%%

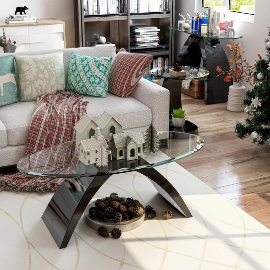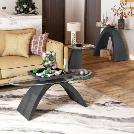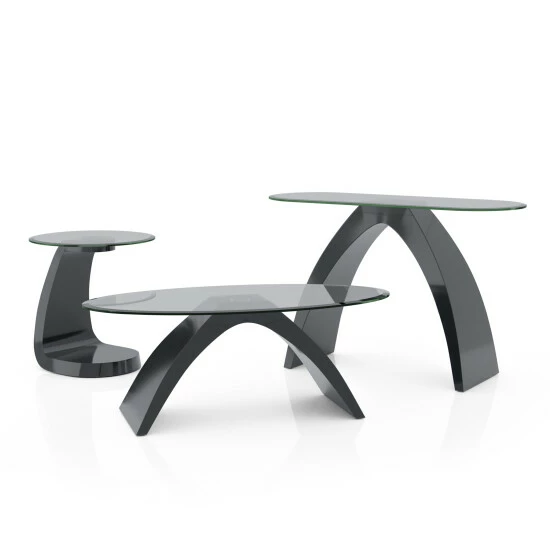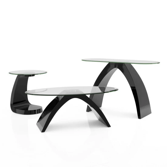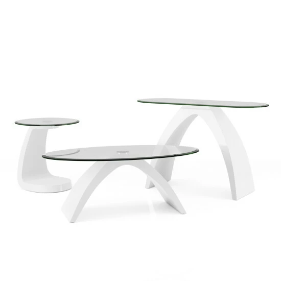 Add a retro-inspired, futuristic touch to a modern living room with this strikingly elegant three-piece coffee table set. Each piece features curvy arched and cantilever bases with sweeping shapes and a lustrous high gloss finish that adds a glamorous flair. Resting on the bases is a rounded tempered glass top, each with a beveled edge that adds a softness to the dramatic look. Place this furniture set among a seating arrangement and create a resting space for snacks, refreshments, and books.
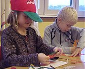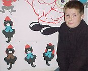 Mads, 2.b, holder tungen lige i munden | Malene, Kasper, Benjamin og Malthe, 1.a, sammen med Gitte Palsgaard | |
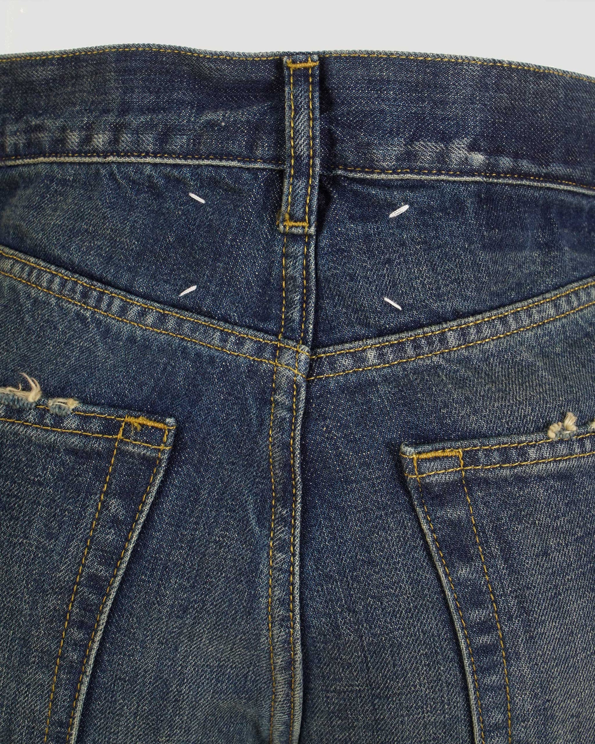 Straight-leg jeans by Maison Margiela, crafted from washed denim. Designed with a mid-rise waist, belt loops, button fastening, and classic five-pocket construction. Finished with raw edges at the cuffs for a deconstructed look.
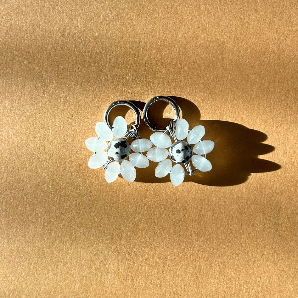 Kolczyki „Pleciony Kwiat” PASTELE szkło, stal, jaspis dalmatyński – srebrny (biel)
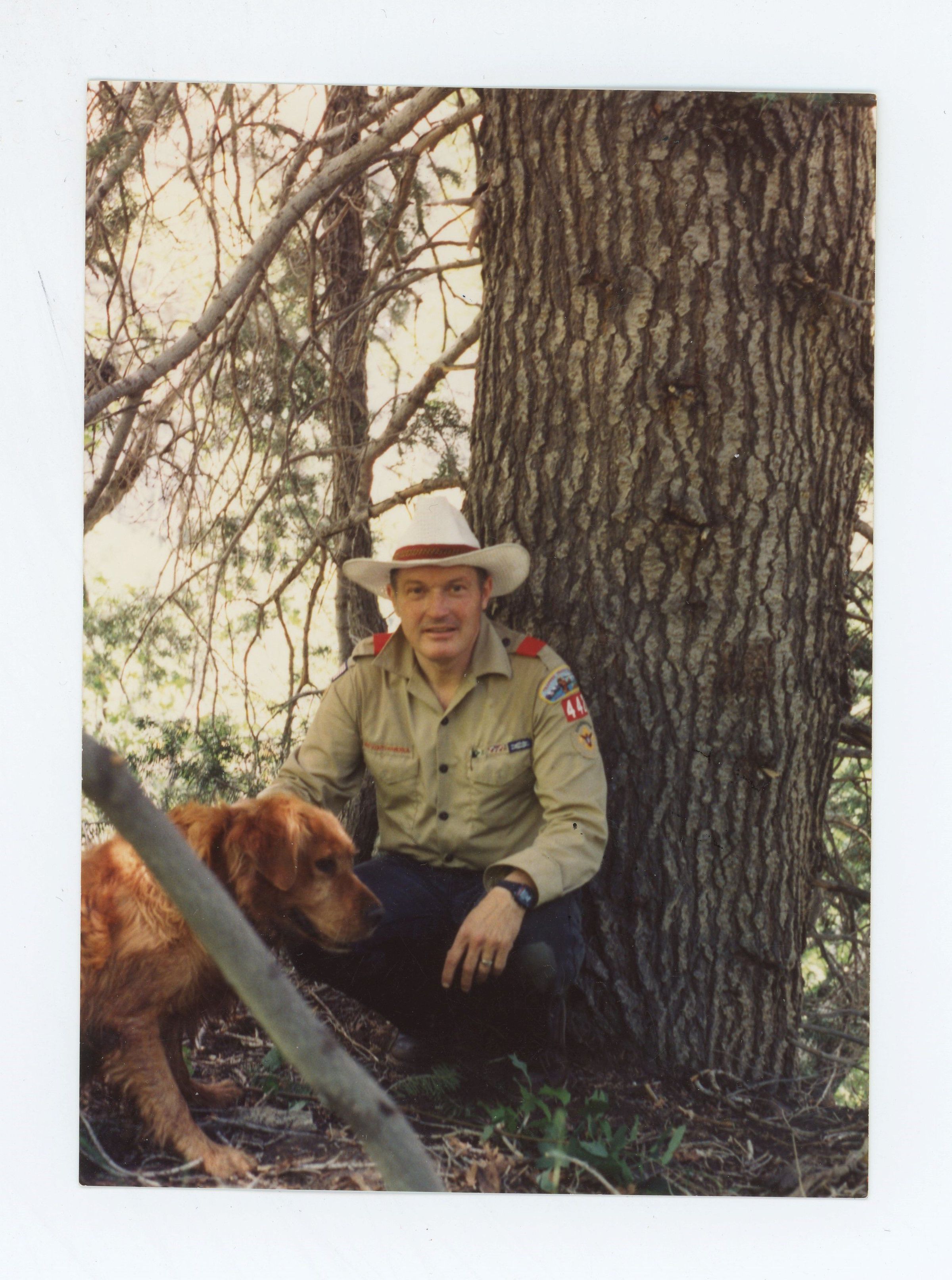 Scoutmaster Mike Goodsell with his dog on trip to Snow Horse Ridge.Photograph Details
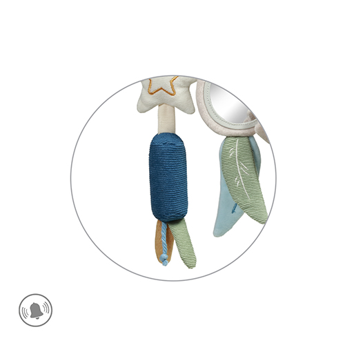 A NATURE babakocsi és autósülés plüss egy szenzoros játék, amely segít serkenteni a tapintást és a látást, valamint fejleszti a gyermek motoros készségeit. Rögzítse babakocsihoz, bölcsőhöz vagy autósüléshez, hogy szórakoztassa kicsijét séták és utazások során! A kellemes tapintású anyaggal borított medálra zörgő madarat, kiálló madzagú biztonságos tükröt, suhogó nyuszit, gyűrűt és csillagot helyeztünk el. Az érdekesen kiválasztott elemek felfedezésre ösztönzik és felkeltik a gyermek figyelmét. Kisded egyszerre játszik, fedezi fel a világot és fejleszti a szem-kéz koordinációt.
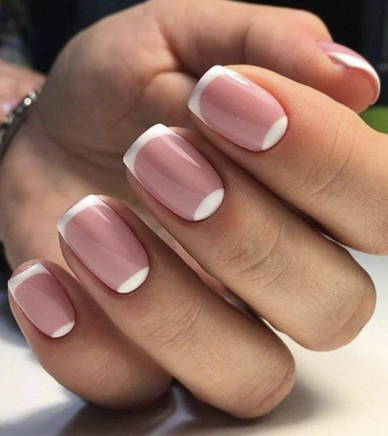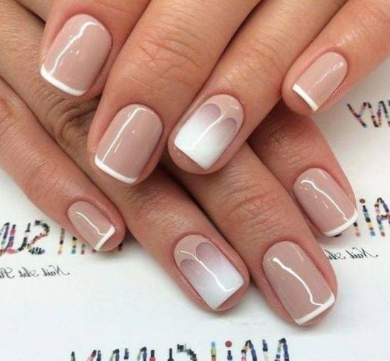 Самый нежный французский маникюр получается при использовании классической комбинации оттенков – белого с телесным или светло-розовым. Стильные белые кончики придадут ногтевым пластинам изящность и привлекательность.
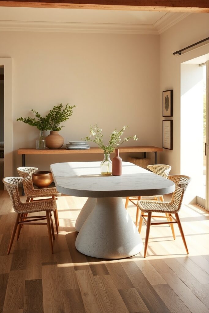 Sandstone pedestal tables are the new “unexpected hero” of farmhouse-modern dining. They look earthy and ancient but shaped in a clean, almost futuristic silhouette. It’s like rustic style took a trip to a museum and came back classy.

%%

[WHAT TO PRODUCE]
Skipping every picture, reproduce the records word for word.

[EXERCISE SOLUTION]
 Add a retro-inspired, futuristic touch to a modern living room with this strikingly elegant three-piece coffee table set. Each piece features curvy arched and cantilever bases with sweeping shapes and a lustrous high gloss finish that adds a glamorous flair. Resting on the bases is a rounded tempered glass top, each with a beveled edge that adds a softness to the dramatic look. Place this furniture set among a seating arrangement and create a resting space for snacks, refreshments, and books.
 Mads, 2.b, holder tungen lige i munden | Malene, Kasper, Benjamin og Malthe, 1.a, sammen med Gitte Palsgaard | |
 Straight-leg jeans by Maison Margiela, crafted from washed denim. Designed with a mid-rise waist, belt loops, button fastening, and classic five-pocket construction. Finished with raw edges at the cuffs for a deconstructed look.
 Kolczyki „Pleciony Kwiat” PASTELE szkło, stal, jaspis dalmatyński – srebrny (biel)
 Scoutmaster Mike Goodsell with his dog on trip to Snow Horse Ridge.Photograph Details
 A NATURE babakocsi és autósülés plüss egy szenzoros játék, amely segít serkenteni a tapintást és a látást, valamint fejleszti a gyermek motoros készségeit. Rögzítse babakocsihoz, bölcsőhöz vagy autósüléshez, hogy szórakoztassa kicsijét séták és utazások során! A kellemes tapintású anyaggal borított medálra zörgő madarat, kiálló madzagú biztonságos tükröt, suhogó nyuszit, gyűrűt és csillagot helyeztünk el. Az érdekesen kiválasztott elemek felfedezésre ösztönzik és felkeltik a gyermek figyelmét. Kisded egyszerre játszik, fedezi fel a világot és fejleszti a szem-kéz koordinációt.
 Самый нежный французский маникюр получается при использовании классической комбинации оттенков – белого с телесным или светло-розовым. Стильные белые кончики придадут ногтевым пластинам изящность и привлекательность.
 Sandstone pedestal tables are the new “unexpected hero” of farmhouse-modern dining. They look earthy and ancient but shaped in a clean, almost futuristic silhouette. It’s like rustic style took a trip to a museum and came back classy.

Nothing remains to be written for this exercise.